# [EXERCISE REQUIREMENTS]
Your answer should be an exact copy of all the entries, free of pictures.
[RECORDS TO USE Boundary: Start]
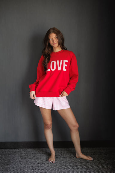 Make a bold statement with this vibrant red crewneck featuring a massive, pinstriped "LOVE" appliqué across the chest. The ribbed collar, cuffs, a...
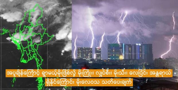 မိုးကြိုး၊ လျှပ်စီး၊ မိုးသီး၊ လေပြင်း အန္တရာယ် ရှိနိုင်ကြောင်း မိုးလေဝသ သတိပေးချက်
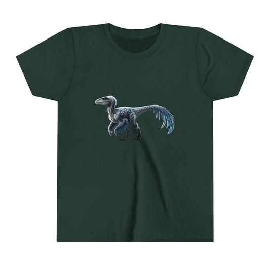 Youth Icy Blue Feathered Velociraptor Tee – Fierce Style in Cool Tones! 🦖❄️🌌 - Unisex Jersey Short Sleeve Tee Super Comfy Dino T-Shirt Gift
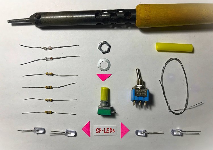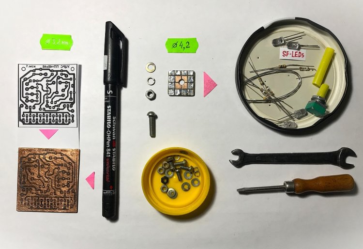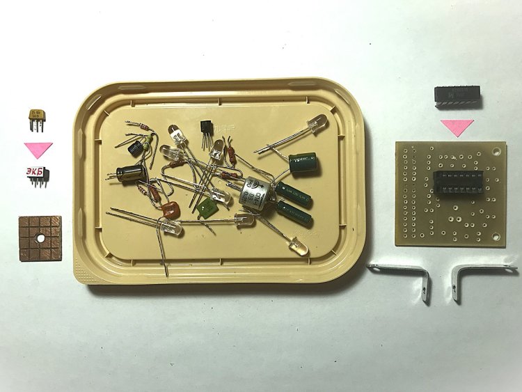 Детали, предназначенные для ЦМУ (более крупным планом): Д9Д х 2 штуки, 4 резистора 0,25 Вт, 4 SF-LEDs «Перелив»... «Ручка» потенциометра сделана из отрезка жёлтой коктейльной трубки диаметром 6,5 мм. Кстати, не все SF-LEDs из упаковки в 50 штук оказались целыми! Из 10 проверенных один светился только красным цветом и не переливался, а второй просто перестал светиться. Так что прежде, чем впаять их в схему, рекомендуется проверить их работоспособность и желательно после облуживания (с пинцетом - теплоотводом).
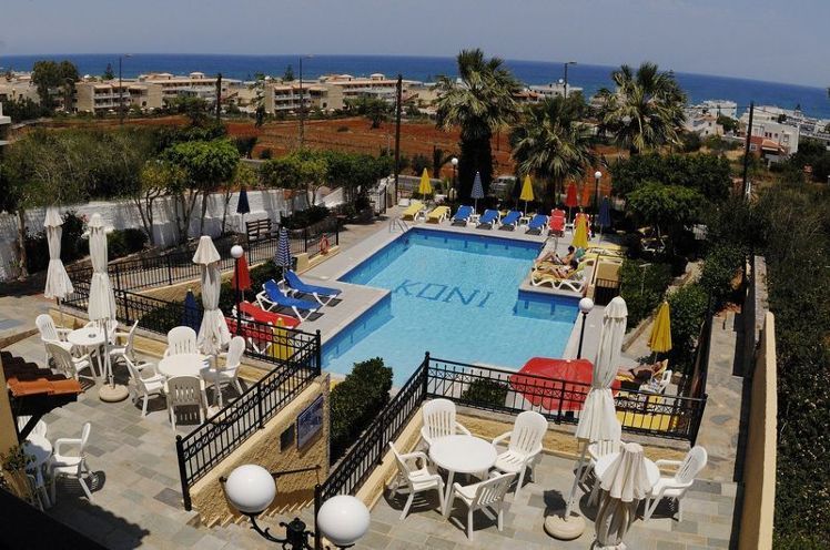 Koni Village is located 800 m from the sandy beach. The closest cities to the hotel are Heraklion (30 km), Malia (2 km) and Chersonissos (6 km). To make your stay more comfortable a mini market, a lobby, air conditioning, a lounge and a reception are available. The staff in this 2 storey hotel speaks French, German and English. A playground for children is available. 2 fresh water swimming pools, seasonally open with a separate children’s pool are available. Refreshing drinks are offered at the pool bar. Sunshades and sunbeds are available for an additional fee at the beach and free of charge at the pool.
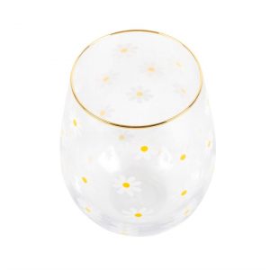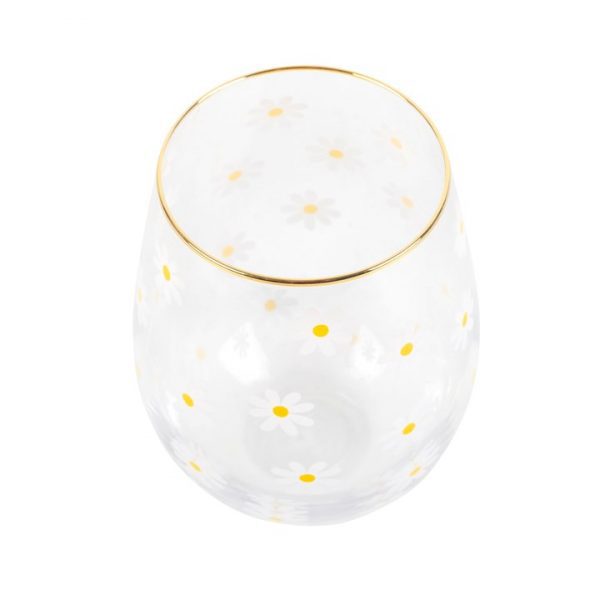 Cheerful and understated, this charming stemless glass features an all-over daisy print and a gold-tone rim. Great for springtime and happy gatherings in the sunshine, this glass makes a great gift for all occasions. 500ml capacity. Hand wash only. Do not microwave.
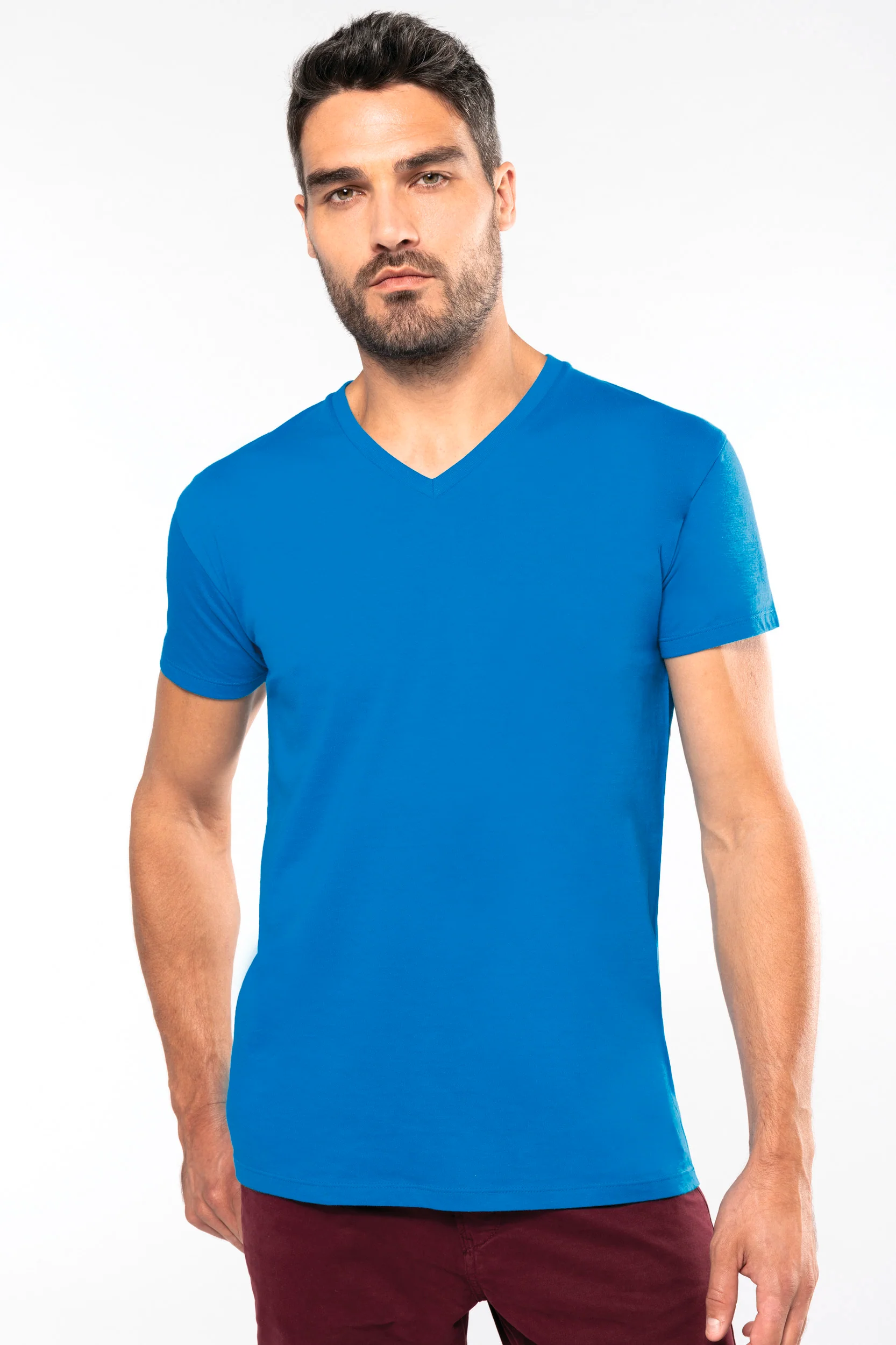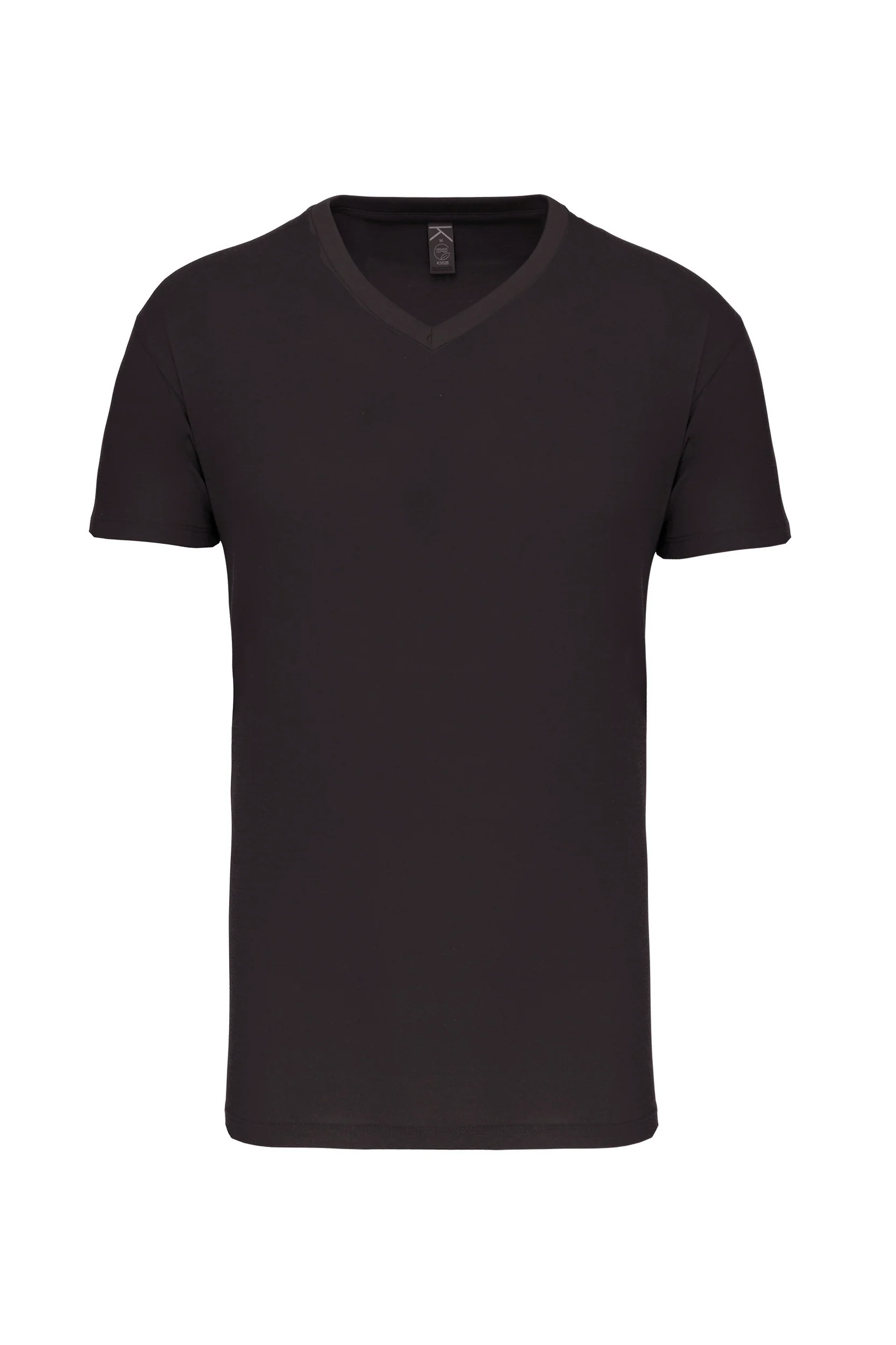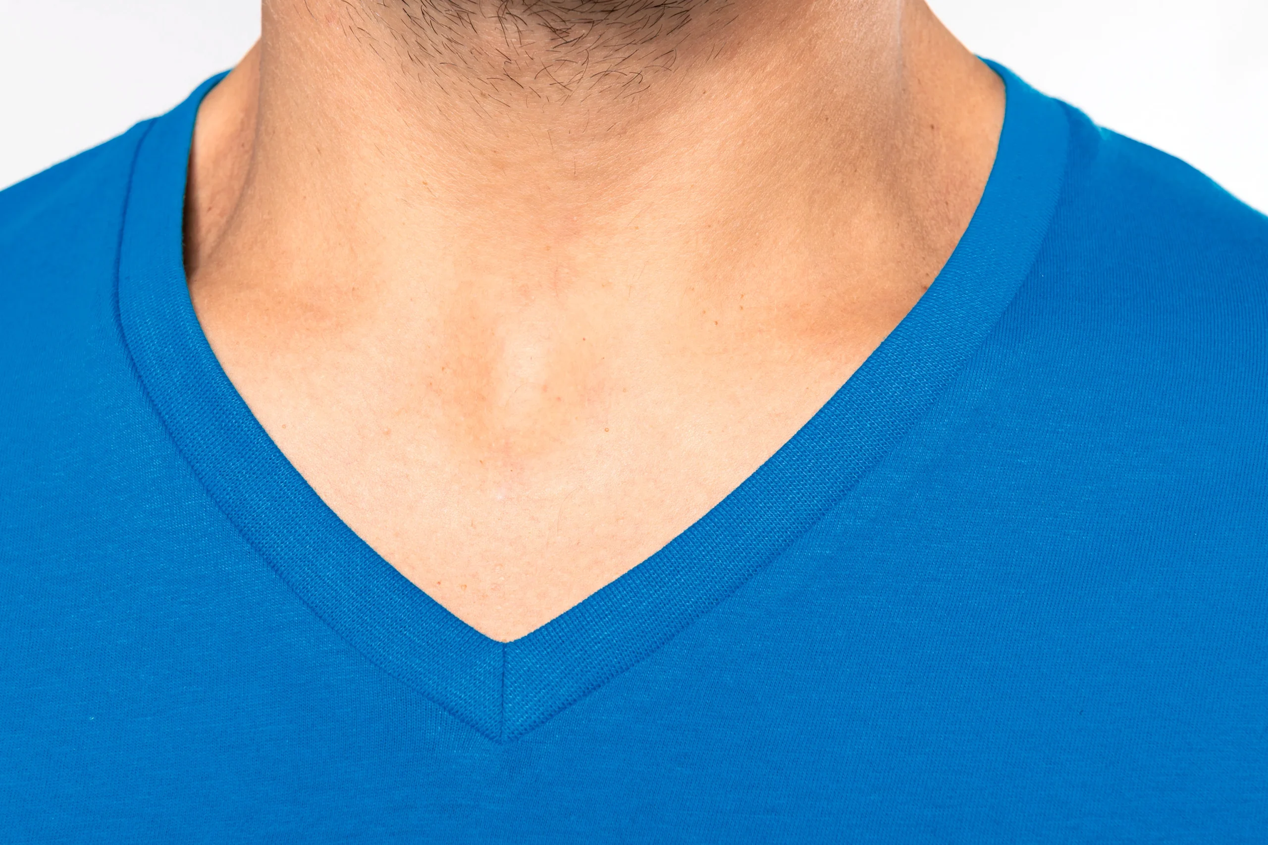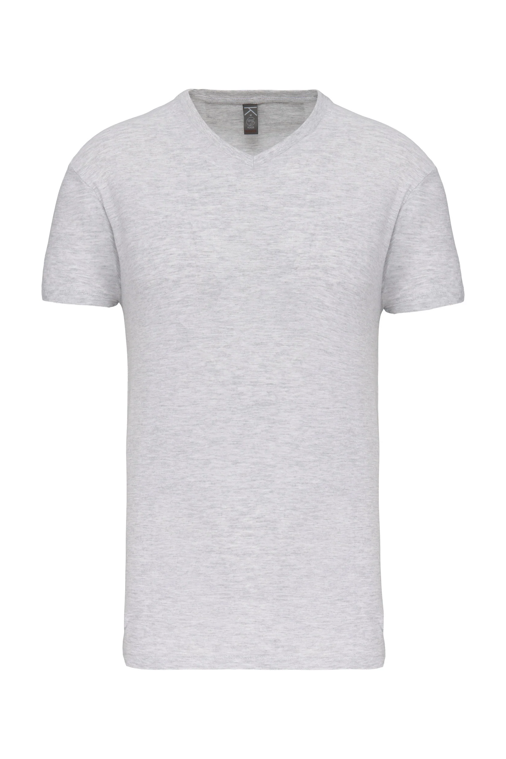 Tinta unita: 100% cotone biologico. Colore Ash Heather: 98% cotone biologico / 2% viscosa, e Oxford Grey: 90% cotone biologico / 10% viscosa. Collo a V a costine con elastan. Nastrino di rinforzo tono su tono sul collo. Taglio tubolare. Finiture a doppio ago sui polsini e a fondo capo. Certificato STANDARD 100 by OEKO-TEX®N° CQ1007/7, IFTH.
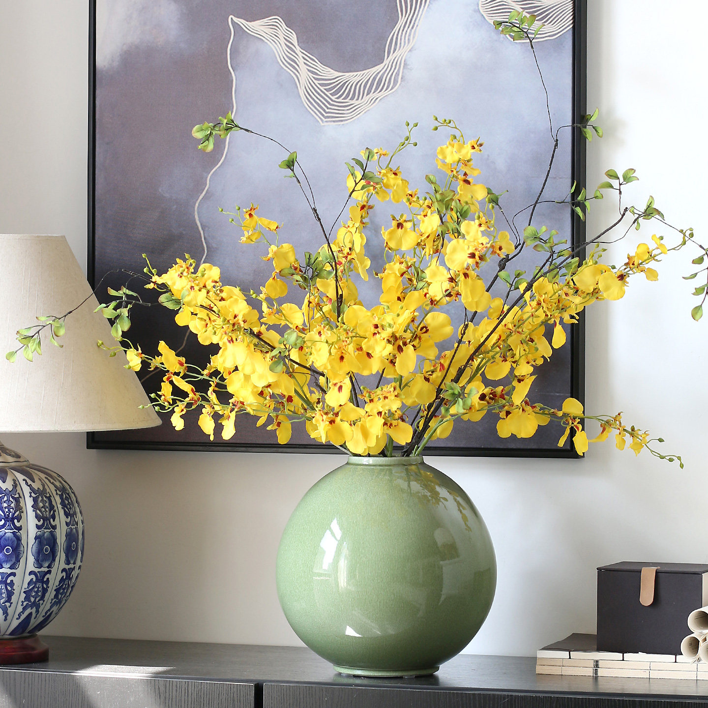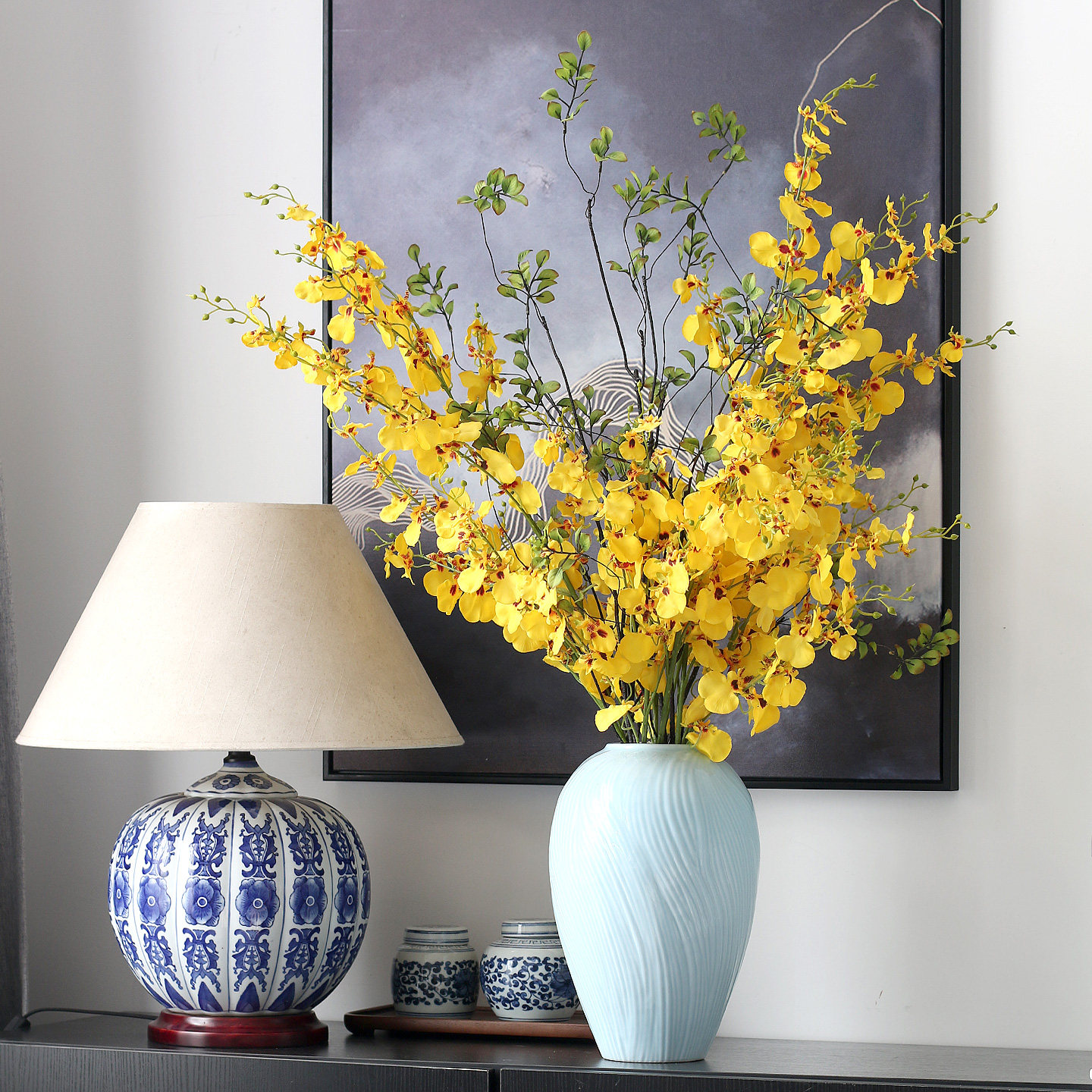 📚 明媚黄色跳舞兰假花插花仿真花花束高级感客厅逼真装饰摆设花艺
[RECORDS TO USE Boundary: End]
# [EXERCISE ANSWER]
 Make a bold statement with this vibrant red crewneck featuring a massive, pinstriped "LOVE" appliqué across the chest. The ribbed collar, cuffs, a...
 မိုးကြိုး၊ လျှပ်စီး၊ မိုးသီး၊ လေပြင်း အန္တရာယ် ရှိနိုင်ကြောင်း မိုးလေဝသ သတိပေးချက်
 Youth Icy Blue Feathered Velociraptor Tee – Fierce Style in Cool Tones! 🦖❄️🌌 - Unisex Jersey Short Sleeve Tee Super Comfy Dino T-Shirt Gift
 Детали, предназначенные для ЦМУ (более крупным планом): Д9Д х 2 штуки, 4 резистора 0,25 Вт, 4 SF-LEDs «Перелив»... «Ручка» потенциометра сделана из отрезка жёлтой коктейльной трубки диаметром 6,5 мм. Кстати, не все SF-LEDs из упаковки в 50 штук оказались целыми! Из 10 проверенных один светился только красным цветом и не переливался, а второй просто перестал светиться. Так что прежде, чем впаять их в схему, рекомендуется проверить их работоспособность и желательно после облуживания (с пинцетом - теплоотводом).
 Koni Village is located 800 m from the sandy beach. The closest cities to the hotel are Heraklion (30 km), Malia (2 km) and Chersonissos (6 km). To make your stay more comfortable a mini market, a lobby, air conditioning, a lounge and a reception are available. The staff in this 2 storey hotel speaks French, German and English. A playground for children is available. 2 fresh water swimming pools, seasonally open with a separate children’s pool are available. Refreshing drinks are offered at the pool bar. Sunshades and sunbeds are available for an additional fee at the beach and free of charge at the pool.
 Cheerful and understated, this charming stemless glass features an all-over daisy print and a gold-tone rim. Great for springtime and happy gatherings in the sunshine, this glass makes a great gift for all occasions. 500ml capacity. Hand wash only. Do not microwave.
 Tinta unita: 100% cotone biologico. Colore Ash Heather: 98% cotone biologico / 2% viscosa, e Oxford Grey: 90% cotone biologico / 10% viscosa. Collo a V a costine con elastan. Nastrino di rinforzo tono su tono sul collo. Taglio tubolare. Finiture a doppio ago sui polsini e a fondo capo. Certificato STANDARD 100 by OEKO-TEX®N° CQ1007/7, IFTH.
 📚 明媚黄色跳舞兰假花插花仿真花花束高级感客厅逼真装饰摆设花艺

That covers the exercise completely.